While the corridors of Sky House were usually noisome with the gaiety of daily discourse, the stables were filled with softer sounds of hamox eating, snorting and generally enjoying their leisure. Porter sensed Gilly before he saw her. She was standing in front of a stall, talking to Alin. His face was rife with acne scars, but he had a friendly composure about him, despite the attack a few hours ago.

Porter gave him a small bow. “I am glad you are recovered. The time has come to leave.”

“He is quite formal,” Alin said to Gilly.

“Only when the lights are on,” Gilly quipped, watching Porter blush with amusement.

Alin took permission to add to the fun. “Oh, you mean that he is only stiff in the light of day. You poor soul.”

Porter decided that for the sake of honor he should keep his mouth shut and endure the jabs; this was the most relaxed he had ever seen Alin, which was a contradiction considering what they had just survived. The other two tossed a few more puns and wordplays between them until the subject petered out.

“Alin has decided to come with us, Porter. We need him; he is one of the best guides I know. Are you ready to ride?” Gilly asked, reasserting her habit of taking command.

“Are you sure, Alin?” Porter asked, ignoring Gilly for the moment.

“It is bad enough that Fane attacked Gilly, but he assaulted me as well. I am well and done here, Porter. Thanks for asking,” Alin said.

Porter had no doubt that the Elders were tracking them in Sky House. He tried to determine whether they would strike the three of them again as they left the fortress but he was forced to sit with his ignorance. He would do anything to protect Gilly, but he had no clue what the consequences were of attacking another in Sky House.

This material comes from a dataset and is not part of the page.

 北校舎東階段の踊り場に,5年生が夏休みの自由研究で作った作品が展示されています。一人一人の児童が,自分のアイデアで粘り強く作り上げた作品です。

He sent out a thread of Blue to locate Kanji and finally found her, summoning her to meet at the lift in the Greeting Hall. The only southerly exit was very public and open, which meant they were not going to sneak out of the fortress. Their hope was that the halls were filled with innocents who knew nothing of the events of the morning, or last night for that matter. If the Elders attacked them in public, far too many difficult and revealing questions would be raised.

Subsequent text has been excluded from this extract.